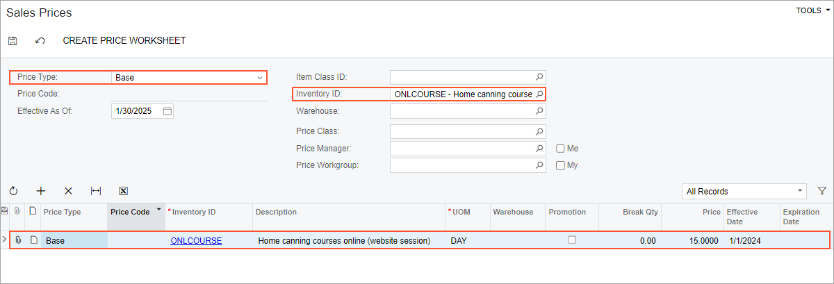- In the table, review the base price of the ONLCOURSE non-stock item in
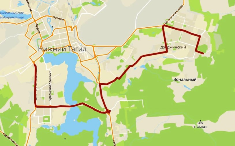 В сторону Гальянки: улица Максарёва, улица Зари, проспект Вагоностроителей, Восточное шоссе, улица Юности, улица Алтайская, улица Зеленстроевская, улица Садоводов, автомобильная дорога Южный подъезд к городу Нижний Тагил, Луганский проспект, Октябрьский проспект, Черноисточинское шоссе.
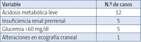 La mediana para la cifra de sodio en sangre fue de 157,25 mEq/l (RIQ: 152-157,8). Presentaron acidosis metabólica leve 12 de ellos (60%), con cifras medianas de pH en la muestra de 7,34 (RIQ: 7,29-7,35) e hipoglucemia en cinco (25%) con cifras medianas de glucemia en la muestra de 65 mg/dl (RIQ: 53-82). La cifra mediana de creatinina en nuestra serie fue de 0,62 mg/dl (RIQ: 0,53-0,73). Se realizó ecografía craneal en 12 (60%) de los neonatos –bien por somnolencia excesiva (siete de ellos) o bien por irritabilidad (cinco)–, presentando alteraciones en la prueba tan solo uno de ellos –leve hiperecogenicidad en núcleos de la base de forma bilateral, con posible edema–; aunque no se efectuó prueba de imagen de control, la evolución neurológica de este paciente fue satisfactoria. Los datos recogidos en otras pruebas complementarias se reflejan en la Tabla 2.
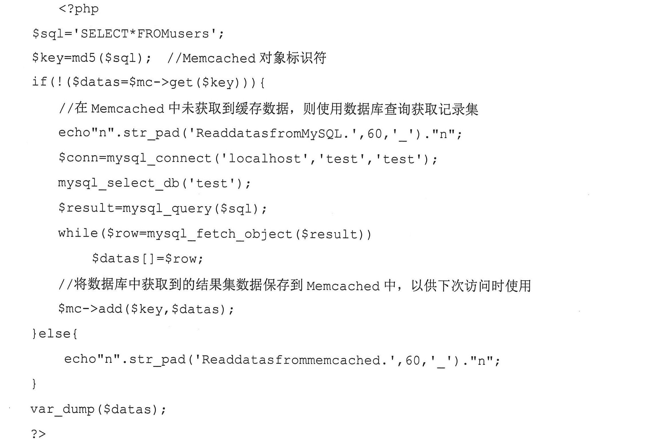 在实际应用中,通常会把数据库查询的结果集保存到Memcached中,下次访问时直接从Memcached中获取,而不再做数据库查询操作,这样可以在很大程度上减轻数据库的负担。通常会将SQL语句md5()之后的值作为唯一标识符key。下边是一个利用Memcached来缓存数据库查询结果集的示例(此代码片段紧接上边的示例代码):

* * *

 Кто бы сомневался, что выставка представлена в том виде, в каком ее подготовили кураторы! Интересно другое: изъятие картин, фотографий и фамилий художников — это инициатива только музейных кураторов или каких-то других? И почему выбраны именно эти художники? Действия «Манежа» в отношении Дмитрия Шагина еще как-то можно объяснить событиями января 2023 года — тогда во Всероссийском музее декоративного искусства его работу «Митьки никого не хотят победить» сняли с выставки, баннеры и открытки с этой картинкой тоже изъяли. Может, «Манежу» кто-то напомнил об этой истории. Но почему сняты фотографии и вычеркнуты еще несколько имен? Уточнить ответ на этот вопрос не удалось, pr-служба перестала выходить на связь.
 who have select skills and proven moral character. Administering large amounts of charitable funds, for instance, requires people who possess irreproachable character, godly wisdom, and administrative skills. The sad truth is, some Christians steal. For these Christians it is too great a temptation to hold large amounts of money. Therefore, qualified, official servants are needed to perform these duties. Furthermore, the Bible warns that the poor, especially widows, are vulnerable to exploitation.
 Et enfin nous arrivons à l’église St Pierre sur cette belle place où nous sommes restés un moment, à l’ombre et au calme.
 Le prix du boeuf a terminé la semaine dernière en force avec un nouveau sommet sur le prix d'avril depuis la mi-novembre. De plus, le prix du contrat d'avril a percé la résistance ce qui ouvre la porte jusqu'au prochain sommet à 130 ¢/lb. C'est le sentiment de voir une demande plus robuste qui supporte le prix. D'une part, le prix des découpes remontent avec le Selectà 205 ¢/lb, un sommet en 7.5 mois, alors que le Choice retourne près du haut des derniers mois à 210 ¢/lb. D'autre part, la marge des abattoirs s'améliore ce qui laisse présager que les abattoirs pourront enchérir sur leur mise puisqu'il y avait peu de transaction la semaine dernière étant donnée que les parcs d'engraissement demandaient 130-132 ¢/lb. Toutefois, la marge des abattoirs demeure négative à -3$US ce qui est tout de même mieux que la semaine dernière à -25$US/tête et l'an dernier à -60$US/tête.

About this exercise. From the listing above, repeat only the lines between the line containing "В сторону Гальянки: улица" and the line containing "La mediana para", those two included. Pictures are not part of the copy.

Exercise result.
 В сторону Гальянки: улица Максарёва, улица Зари, проспект Вагоностроителей, Восточное шоссе, улица Юности, улица Алтайская, улица Зеленстроевская, улица Садоводов, автомобильная дорога Южный подъезд к городу Нижний Тагил, Луганский проспект, Октябрьский проспект, Черноисточинское шоссе.
 La mediana para la cifra de sodio en sangre fue de 157,25 mEq/l (RIQ: 152-157,8). Presentaron acidosis metabólica leve 12 de ellos (60%), con cifras medianas de pH en la muestra de 7,34 (RIQ: 7,29-7,35) e hipoglucemia en cinco (25%) con cifras medianas de glucemia en la muestra de 65 mg/dl (RIQ: 53-82). La cifra mediana de creatinina en nuestra serie fue de 0,62 mg/dl (RIQ: 0,53-0,73). Se realizó ecografía craneal en 12 (60%) de los neonatos –bien por somnolencia excesiva (siete de ellos) o bien por irritabilidad (cinco)–, presentando alteraciones en la prueba tan solo uno de ellos –leve hiperecogenicidad en núcleos de la base de forma bilateral, con posible edema–; aunque no se efectuó prueba de imagen de control, la evolución neurológica de este paciente fue satisfactoria. Los datos recogidos en otras pruebas complementarias se reflejan en la Tabla 2.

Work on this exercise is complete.